Johnny before losing the weight Johnny Vegas slimmed down for his son's sake By Tom Bryant
17/07/2008
Comic Johnny Vegas joked yesterday that three of his local pie shops have had to close after he lost five stone. The Benidorm star, 36, said he slimmed down to 13 stone by cutting back on his favourite pies, booze, bread and cheese.
He told ITV's Loose Women: "There's a pie producer in my hometown of St Helens in Merseyside and they've just closed three shops. The guilt of that's been laid at my door "There's a major campaign now to sneak them under my salad," he said.
The dad-of-one decided to slim done from his hefty 18 stone in May last year when he shared an office with a man who ate healthily. He said: "It got to the point where I was getting gout quite regularly. I realised I had a son and I wanted to be around a little bit longer. I didn't think I'd make 30. I made 30 so I set myself the challenge of making it to 40."
Johnny Vegas believes lost weight makes him less attractive 19 May 2009
Johnny Vegas, the actor and comedian, believes losing weight has made him less attractive to women. Vegas, known for appearing in the PG Tips adverts with Monkey, recently revealed he had lost four stone after being diagnosed with gout. But he believes the weight loss has had a negative impact.
"I think I was always a charming, sexy -------," he said. "But now I look less vulnerable, if anything it's had a negative impact. I used to attract a lot of feeders. I'd be quite happy to be locked in someone's flat and fed liquidised burgers."
Speaking to Zoo magazine, he continued: "I've calmed right down, but I had a run of five nights drinking and I don't know how I used to do it every night. I don't really go into town, but if I do I don't normally make it home!"
He said his role as small time drugs dealer Moz in BBC3 sitcom Ideal has brought some unwanted attention. "The first couple of years out in Spain filming Benidorm every dealer would come up to me and go: 'I've got some good stuff you're gonna love. They'd think they were doing me a favour and slip drugs into my pocket. I'd wake up with an ounce of weed in there!"
Johnny Vegas: Boozy comic sheds six stone as he tries to clean up his act By Beth Neil
30/05/2009
mirror.co.uk
He’s the hellraising heavyweight comic rarely seen without a pint of Guinness in his hand.

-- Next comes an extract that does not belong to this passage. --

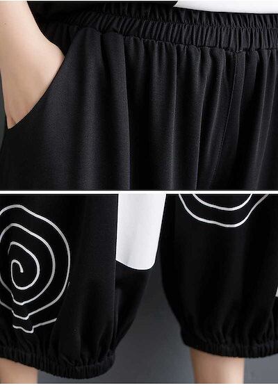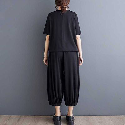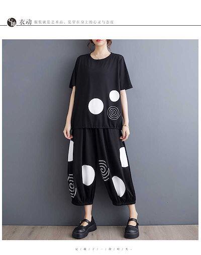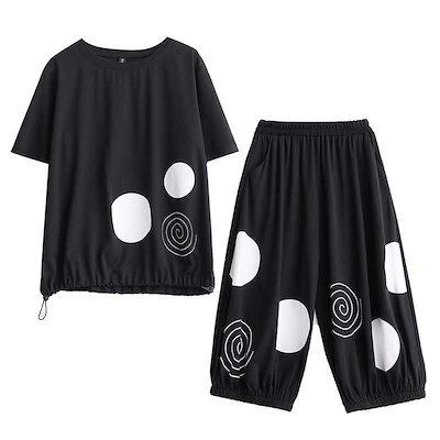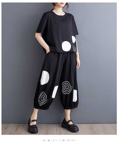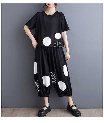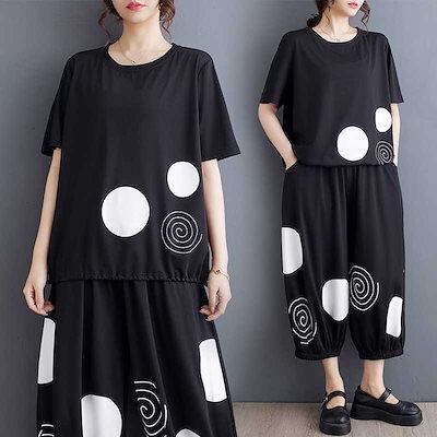 「ファットガール」 2024/春夏/大きいサイズ/レディース/プリント/半袖/Tシャツ/ハーレクインパンツ/ツーピースセット
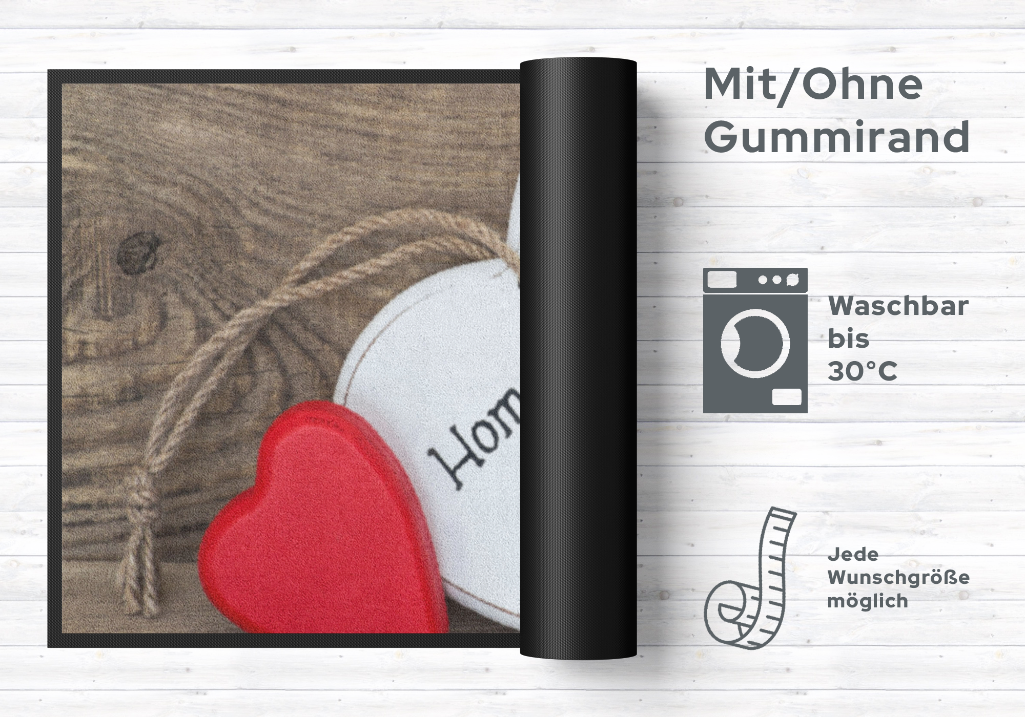 Mit dieser Fussmatte Home is 4736 zaubern Sie nicht nur Ihren Besuchern ein Lächeln ins Gesicht. Diese sehr hochwertige Türmatte ist reissfest, knitterfrei, waschbar. Da sie mit 7 mm Gesamthöhe sehr flach ist, passt sie unter fast jede Tür. Die Fussmatte ist Schadstoffgeprüft und für Allergiker geeignet. Sie erhalten 5 Jahre Herstellergarantie.

But funnyman Johnny Vegas admits the party’s over after his chaotic lifestyle started to threaten his ability to work. Cutting out the crazy all-night drinking sessions has helped the Benidorm star to shed an impressive six stone. He might have quit life in the fast lane. But looking trimmer and healthier than ever, the 37-year-old dad-of-one has given up kebabs as well as the black stuff – and says being around for his son was the secret inspiration behind his weight loss.
Speaking exclusively to the Mirror ahead of tomorrow night’s Benidorm one-hour special, he says, in his familiar rasp: “The wild days are over. I can’t do it. I really can’t. I think I’m realising more and more that I’ve got a job to do and I can’t be doing the big nights out and working to my full potential the next day. I feel much better for it.
“Looking back on filming the first two series of Benidorm, I don’t know how I did it. An early night was 4am and I simply can’t do it anymore. People want to buy me a drink which is really nice. But if I had a drink with every single person who offered, I’d be pie-eyed the whole time. So I’m quite happily dull having quiet nights in with me decaf.”
Since starting out as a stand-up – a career which earned him a clutch of awards in the late 90s – Johnny has been a regular on TV. His performance as Charlie in 2001’s Happiness, for which he scooped a Comedy Award, established him as a gifted comic actor. That led to appearances on Shooting Stars and a starring role in BBC3 sitcom Ideal, now into its fifth series. And of course there’s Benidorm, the larger than life award-winning ITV1 comedy by Derren Litten which captured the hearts of Brit holidaymakers and nine million viewers.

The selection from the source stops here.